Available data -

····················

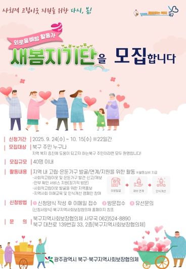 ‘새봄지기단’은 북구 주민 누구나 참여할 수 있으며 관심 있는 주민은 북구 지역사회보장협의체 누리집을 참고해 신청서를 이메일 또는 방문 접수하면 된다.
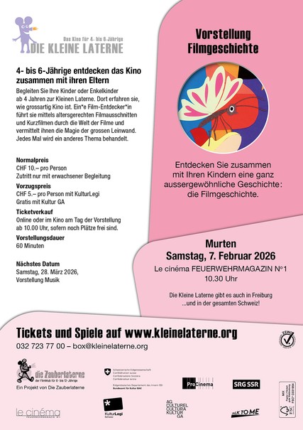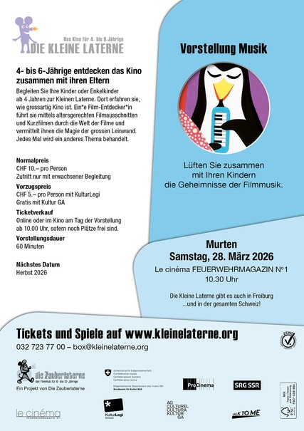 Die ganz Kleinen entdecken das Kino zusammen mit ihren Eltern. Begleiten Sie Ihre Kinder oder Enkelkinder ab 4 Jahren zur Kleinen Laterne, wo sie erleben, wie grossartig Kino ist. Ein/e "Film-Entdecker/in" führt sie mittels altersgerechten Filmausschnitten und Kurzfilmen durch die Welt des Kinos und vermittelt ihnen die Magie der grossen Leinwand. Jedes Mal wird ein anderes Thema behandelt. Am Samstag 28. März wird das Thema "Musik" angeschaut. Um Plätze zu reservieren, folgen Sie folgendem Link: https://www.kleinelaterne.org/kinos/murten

····················

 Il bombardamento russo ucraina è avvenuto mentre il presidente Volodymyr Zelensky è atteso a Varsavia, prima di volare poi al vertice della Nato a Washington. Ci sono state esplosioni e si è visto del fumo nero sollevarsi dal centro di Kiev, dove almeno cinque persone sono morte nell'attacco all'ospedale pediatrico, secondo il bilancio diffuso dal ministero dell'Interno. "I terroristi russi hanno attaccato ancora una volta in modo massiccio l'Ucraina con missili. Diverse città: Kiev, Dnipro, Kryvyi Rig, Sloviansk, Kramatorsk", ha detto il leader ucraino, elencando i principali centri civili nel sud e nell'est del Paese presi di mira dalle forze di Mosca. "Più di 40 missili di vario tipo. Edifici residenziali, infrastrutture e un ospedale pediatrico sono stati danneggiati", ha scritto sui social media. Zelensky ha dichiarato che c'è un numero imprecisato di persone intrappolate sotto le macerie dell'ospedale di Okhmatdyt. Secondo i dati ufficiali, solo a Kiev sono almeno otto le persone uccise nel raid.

····················

To do -
Output only the lines above from the one containing "방문 접수하면 된다." to the one containing "Die ganz Kleinen", both included, exactly as written and with no pictures.

Answer to the exercise -
 ‘새봄지기단’은 북구 주민 누구나 참여할 수 있으며 관심 있는 주민은 북구 지역사회보장협의체 누리집을 참고해 신청서를 이메일 또는 방문 접수하면 된다.
 Die ganz Kleinen entdecken das Kino zusammen mit ihren Eltern. Begleiten Sie Ihre Kinder oder Enkelkinder ab 4 Jahren zur Kleinen Laterne, wo sie erleben, wie grossartig Kino ist. Ein/e "Film-Entdecker/in" führt sie mittels altersgerechten Filmausschnitten und Kurzfilmen durch die Welt des Kinos und vermittelt ihnen die Magie der grossen Leinwand. Jedes Mal wird ein anderes Thema behandelt. Am Samstag 28. März wird das Thema "Musik" angeschaut. Um Plätze zu reservieren, folgen Sie folgendem Link: https://www.kleinelaterne.org/kinos/murten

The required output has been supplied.